Building the Fastest DNASeq Pipeline at Scale

Published: September 10, 2018

by Henry Davidge and Frank Austin Nothaft

In June, we announced the Unified Analytics Platform for Genomics with a simple goal: accelerate discovery with a collaborative platform for interactive genomic data processing, analytics and AI at massive scale. In this post, we’ll go into more detail about one component of the platform: a scalable DNASeq pipeline that is concordant with GATK4 at best-in-class speeds.

Making Sense of Sequence Data at Scale

The vast majority of genomic data comes from massively parallel sequencing technology. In this technique, the sample DNA must first be sliced into short segments with lengths of about 100 base pairs. The sequencer will emit the genetic sequence for each segment. In order to correct for sequencing errors, we typically require that each position in the genome is covered by at least 30 of these segments. Since there are about 3 billion base pairs in the human genome, that means that after sequencing, we must reassemble 3 billion / 100 * 30 = 900 million short reads before we can begin real analyses. This is no small effort.

Since this process is common to anyone working with DNA data, it’s important to codify a sound approach. The GATK team at the Broad Institute has led the way in describing best practices for processing DNASeq data, and many people today run either the GATK itself or GATK-compliant pipelines.

At a high level, this pipeline consists of 3 steps:

Align each short read to a reference genome
Apply statistical techniques to regions with some variant reads to determine the likelihood of a true variation from the reference
Annotate variant sites with information like which gene, if any, it affects

Challenges Processing DNASeq Data

Although the components of a DNASeq pipeline have been well characterized, we found that many of our customers face common challenges scaling their pipelines to ever-growing volumes of data. These challenges include:

Infrastructure Management: A number of our customers run these pipelines on their on-premise high performance computing (HPC) clusters. However, HPC clusters are not elastic -- you can’t quickly increase the size according to demand. In the best case, increasing data volume led to long queues of requests, and thus long waiting times. In the worst case, customers struggle with expensive outages that hurt productivity. Even among companies that have migrated their workloads to the cloud, people spend as much time writing config files as performing valuable analyses.
Data Organization: Bioinformaticians are accustomed to dealing with a large variety of file formats, such as BAM, FASTQ, and VCF. However, as the number of samples reaches a certain threshold, managing individual files becomes infeasible. To scale analyses, people need simpler abstractions to organize their data.
Performance: Everyone cares about the performance of their pipeline. Traditionally, price per genome draws the most consideration, although as clinical use cases mature, speed is becoming more and more important.

As we saw these challenges repeated across different organizations, we recognized an opportunity to leverage our experience as the original creators of Apache Spark^TM, the leading engine for large data processing and machine learning, and the Databricks platform to help our customers run DNASeq pipelines at speed and scale without creating operational headaches.

Our Solution

We have built the first available horizontally-scalable pipeline that is concordant with GATK4 best practices. We use Spark to efficiently shard each sample’s input data and pass it to single node tools like BWA-MEM for alignment and GATK’s HaplotypeCaller for variant calling. Our pipeline runs as a Databricks job, so the platform handles infrastructure provisioning and configuration without user intervention.

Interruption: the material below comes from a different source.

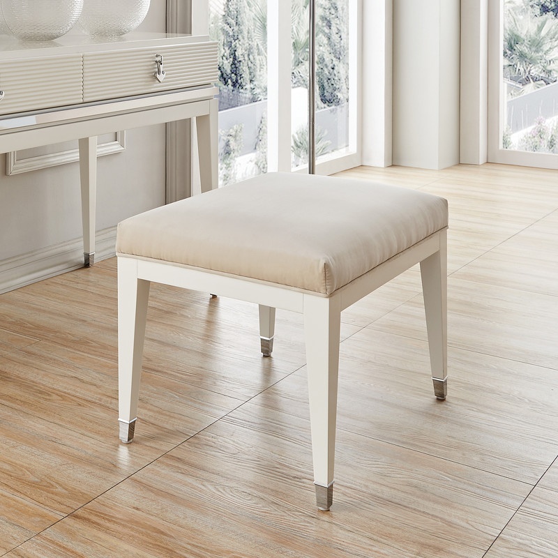 Особенности товара: Пуфик Modena от итальянского бренда Fratelli Barri. Является прекрасным дополнением к туалетному столику в данной коллекции или как самостоятельный предмет интерьера. Отделка - бежевый глянцевый лак. На ножках металлические колпачки. Выполнен из массива дерева и высококачественного МДФ класса Е1. Сидение обито тканью из коллекции фабрики в бежевых тонах. Тип ткани - велюр. Состав ткани - 68% район, 18% хлопок, 14% терилен. Цвет фурнитуры - хром.

As new data arrives, users can take advantage of our REST APIs and the Databricks CLI to kick off a new run.

Of course, this pipeline is only the first step toward gaining biological insights from genomic data. To simplify downstream analyses, in addition to outputting the familiar formats like VCF files, we write out the aligned reads, called variants, and annotated variants to high-performance Databricks Delta Lake parquet tables. Since the data from all samples is available in a single logical table, it’s simple to turn around and join genetic variants against interesting sources like medical images and electronic medical records without having to wrangle thousands of individual files. Researchers can then leverage these joint datasets to search for correlations between a person’s genetic code and properties like whether they have a family history of a certain disease.

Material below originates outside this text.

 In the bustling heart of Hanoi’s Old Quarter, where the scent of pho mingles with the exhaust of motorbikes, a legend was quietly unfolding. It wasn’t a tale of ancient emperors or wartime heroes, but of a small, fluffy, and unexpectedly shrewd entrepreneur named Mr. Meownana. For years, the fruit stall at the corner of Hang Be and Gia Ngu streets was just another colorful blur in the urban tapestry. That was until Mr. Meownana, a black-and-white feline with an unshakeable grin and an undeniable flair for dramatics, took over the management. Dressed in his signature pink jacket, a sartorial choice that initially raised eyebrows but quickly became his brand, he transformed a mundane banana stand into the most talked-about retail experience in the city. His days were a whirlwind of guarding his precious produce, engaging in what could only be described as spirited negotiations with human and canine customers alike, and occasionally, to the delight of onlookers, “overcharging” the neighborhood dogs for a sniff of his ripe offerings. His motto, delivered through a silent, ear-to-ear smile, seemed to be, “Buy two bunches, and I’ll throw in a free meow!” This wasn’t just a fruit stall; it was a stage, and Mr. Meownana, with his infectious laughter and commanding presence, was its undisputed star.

Benchmarking Our DNASeq Pipeline

Accuracy

Since the output of a DNASeq pipeline feeds into important research and clinical applications, accuracy is paramount. The results from our pipeline achieve high accuracy relative to curated high-confidence variant calls. Note that these results do not include any variant score recalibration or hard filtering, which would further improve the precision by eliminating false positives.

	Precision	Recall	F Score
SNP	99.34%	99.89%	99.62%
INDEL	99.20%	99.37%	99.29%

Concordance vs GIAB NA24385 high confidence calls on PrecisionFDA Truth Challenge dataset (according to hap.py)

Performance

For our benchmarking, we compared our DNAseq pipeline to Edico Genome’s FPGA implementation against representative whole genome and whole exome datasets from the Genome in a Bottle project. We also tested our pipeline against GIAB’s 300x coverage dataset to demonstrate its scalability. Each run includes best practice quality control measures like duplicate marking. This table excludes variant annotation time since not all platforms include it out of the box.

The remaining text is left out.